Figure 3: The Wavelet example optimized through input space adaptive design: (a) optimized behavioral description, (b) optimized CDFG, and (c) optimized STG

# 2.2 Issues and tradeoffs involved in input space adaptive design

This sub-section illustrates the tradeoffs involved in selecting the right sub-behaviors and input sub-spaces, underlining the need for a systematic design methodology to identify and exploit input space adaptive design opportunities. In general, the following factors are involved in this process: (i) Sub-behaviors that account for a larger portion of the total execution time and energy consumption of the design are better targets for optimization. (ii) For a given sub-behavior, input sub-spaces that occur with a higher probability may yield larger savings. (iii) Different input sub-spaces lead to different reductions in the complexity of the chosen sub-behavior. Use of the first two metrics alone is incomplete since it does not consider the potential for complexity reduction. (iv) Different input sub-spaces translate into differing hardware requirements for the circuitry that implements the input sub-space condition.
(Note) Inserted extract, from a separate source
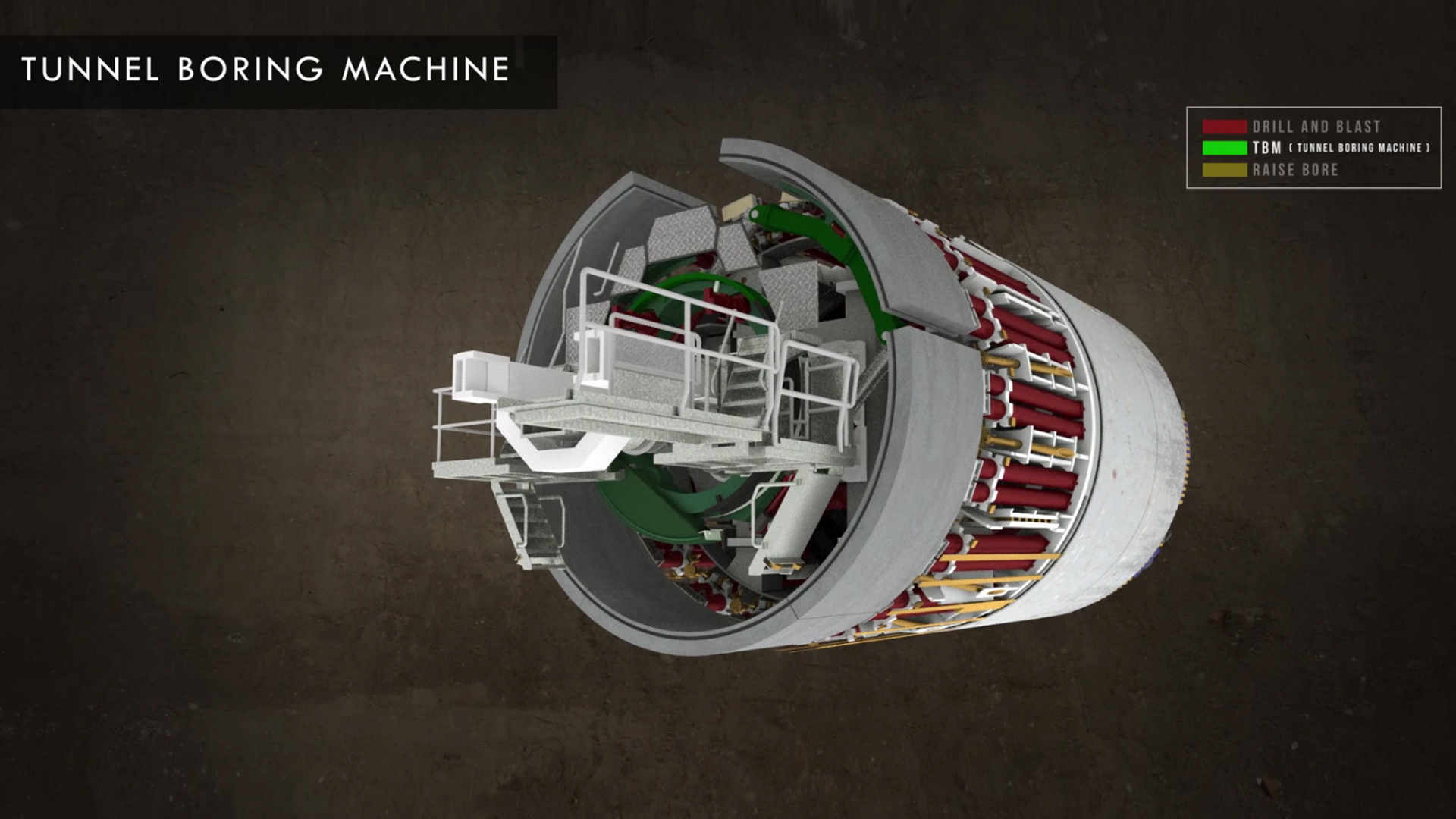 In generating mode, water is released from Tantangara Dam and travels through the power station and into the 7km‐long, 10m diameter tailrace tunnel. A tunnel boring machine (TBM) will be used to excavate the tailrace tunnel, which will be largely concrete-lined. The image shows a TBM operating progressively installing the concrete lining.
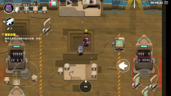5、当我们拾取武器之后,游戏界面右侧的圆盘即可派上用场了,点击可以发射子弹攻击,滑动可以调整攻击方向;

The tradeoffs caused by the above-mentioned factors and their inter-dependencies are illustrated through the next example.

**Example 2:** Consider again the Wavelet example presented in Figure 2. The input space adaptive design shown in Figure 3 was the result of choosing a specific sub-behavior and a specific input sub-space for optimization. In order to illustrate the issues involved in choosing the right subbehavior and input sub-space, we performed the following experiment. We synthesized input space adaptive designs for the Wavelet example for different sub-behaviors ranging in size from 1 operation to 24 operations (in order to expose a sufficient number of operations to study this tradeoff, the inner loop in the behavior was unrolled to the necessary extent). We also considered 10 different input sub-spaces that occur with varying frequency. For each of the 24 \* 10 = 240 combinations of input sub-spaces and sub-behavior sizes, we derived input space adaptive designs. All 240 designs were subject to high-level synthesis and logic synthesis using a commercial design flow [14], mapped to a 0.35 micron cell-based array technology, and evaluated for energy consumption.

The results of our experiment, plotted as a 3-D surface, are shown in Figure 4. In this figure, the x axis denotes the number of operations in the chosen sub-behavior, and the y axis denotes the input sub-space chosen as the optimization condition. The z axis shows the energy consumption of the corresponding input space adaptive design. The curves plotted in the z = 0 plane indicate iso-energy contours, *i.e.*, all points on a curve correspond to designs with similar energy consumption. The minimum energy design corresponds to a sub-behavior of size 12, and the condition A = B = C = D. The variation in energy between the best design and the worst design represented in Figure 4 is 40.2%. Significant variations are present along both the x and y dimensions.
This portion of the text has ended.